How many of these type of pleco's would be a good addition to my tank:

I curently have a 75 gallon tank with 1 clown pleco and 8 Ottos, as far as algae and bottom eaters go?


----------



## trenac (Jul 16, 2004)

Plecos can be quiet territorial with each other, with their own species and other species. I would say adding a bristle nose along with the clown would be fine since you have a large tank. Plenty of room to claim territory. If you only have one piece of driftwood I would add another piece so each will have a piece to claim as their own.


----------



## JanS (Apr 14, 2004)

I they are females, you could have a few, but if you're dealing with males, they do get territorial like Trena said.
In addition to driftwood, they also really like the terra-cotta caves.


----------



## joephys (May 9, 2006)

At the most, I would add a male and a female.


----------



## JanS (Apr 14, 2004)

joephys said:


> At the most, I would add a male and a female.
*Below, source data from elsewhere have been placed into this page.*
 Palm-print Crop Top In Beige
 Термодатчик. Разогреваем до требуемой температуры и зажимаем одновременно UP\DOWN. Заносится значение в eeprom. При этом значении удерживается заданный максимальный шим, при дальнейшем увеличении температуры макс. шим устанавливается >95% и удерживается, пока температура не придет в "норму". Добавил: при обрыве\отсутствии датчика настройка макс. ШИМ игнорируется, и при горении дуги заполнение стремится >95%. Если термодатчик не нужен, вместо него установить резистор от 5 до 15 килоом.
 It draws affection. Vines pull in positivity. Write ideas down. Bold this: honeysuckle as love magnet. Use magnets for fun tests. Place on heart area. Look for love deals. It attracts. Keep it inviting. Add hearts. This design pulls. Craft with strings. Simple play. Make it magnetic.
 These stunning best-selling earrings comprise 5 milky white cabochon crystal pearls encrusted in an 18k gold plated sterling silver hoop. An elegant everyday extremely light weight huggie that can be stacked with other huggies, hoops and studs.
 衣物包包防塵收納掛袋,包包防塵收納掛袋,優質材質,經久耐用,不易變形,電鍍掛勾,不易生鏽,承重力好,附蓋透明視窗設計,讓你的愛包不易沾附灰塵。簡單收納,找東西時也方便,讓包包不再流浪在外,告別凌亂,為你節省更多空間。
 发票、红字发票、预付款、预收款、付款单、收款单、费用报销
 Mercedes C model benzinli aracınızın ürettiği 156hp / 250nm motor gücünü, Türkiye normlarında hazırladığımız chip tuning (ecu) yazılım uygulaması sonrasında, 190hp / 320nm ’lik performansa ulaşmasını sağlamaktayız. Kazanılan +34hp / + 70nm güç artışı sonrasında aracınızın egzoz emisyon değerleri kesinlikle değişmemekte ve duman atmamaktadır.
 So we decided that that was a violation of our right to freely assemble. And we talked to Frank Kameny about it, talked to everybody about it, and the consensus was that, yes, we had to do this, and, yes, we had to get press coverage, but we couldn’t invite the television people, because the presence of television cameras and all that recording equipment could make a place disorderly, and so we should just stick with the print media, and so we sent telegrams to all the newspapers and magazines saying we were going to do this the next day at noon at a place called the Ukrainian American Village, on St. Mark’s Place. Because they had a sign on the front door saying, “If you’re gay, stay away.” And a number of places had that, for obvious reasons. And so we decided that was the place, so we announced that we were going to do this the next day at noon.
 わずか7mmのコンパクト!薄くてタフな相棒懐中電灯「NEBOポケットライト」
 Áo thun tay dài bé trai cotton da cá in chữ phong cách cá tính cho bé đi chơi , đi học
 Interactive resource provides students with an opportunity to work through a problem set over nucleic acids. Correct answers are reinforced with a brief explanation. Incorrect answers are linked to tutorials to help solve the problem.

Just a caution if you add a male and female though - they breed like bunnies...


----------



## dominator (Dec 26, 2006)

How do tell the male and female apart ???


----------



## Burks (May 25, 2006)

Robyn's Bristlenose Pleco Page

The page is BRIGHT PINK.....you have been warned!


----------



## yxberia (Apr 19, 2005)

From my personal experience:

While bristlenose or any pleco sp is a helpful fish, do take note they like crunching on ADA soil which catch algae. This make water very cloudy and soil dust stick everywhere causing more algae.


----------



## Burks (May 25, 2006)

Interesting comment yxberia. First time I've heard of that.

First time I've actually heard of anyone keeping a pleco with ADA soil as well!


----------



## yxberia (Apr 19, 2005)

Burks said:


> Interesting comment yxberia. First time I've heard of that.
> 
> First time I've actually heard of anyone keeping a pleco with ADA soil as well!


Ya, I regret buying ADA. I should have use Holand sand. Sigh.


Now, after having the bristlenose removed, my tank is finally crystal clear. Perhaps we should setup guidelines for "Aquasoil compatible fish list" ? lol


----------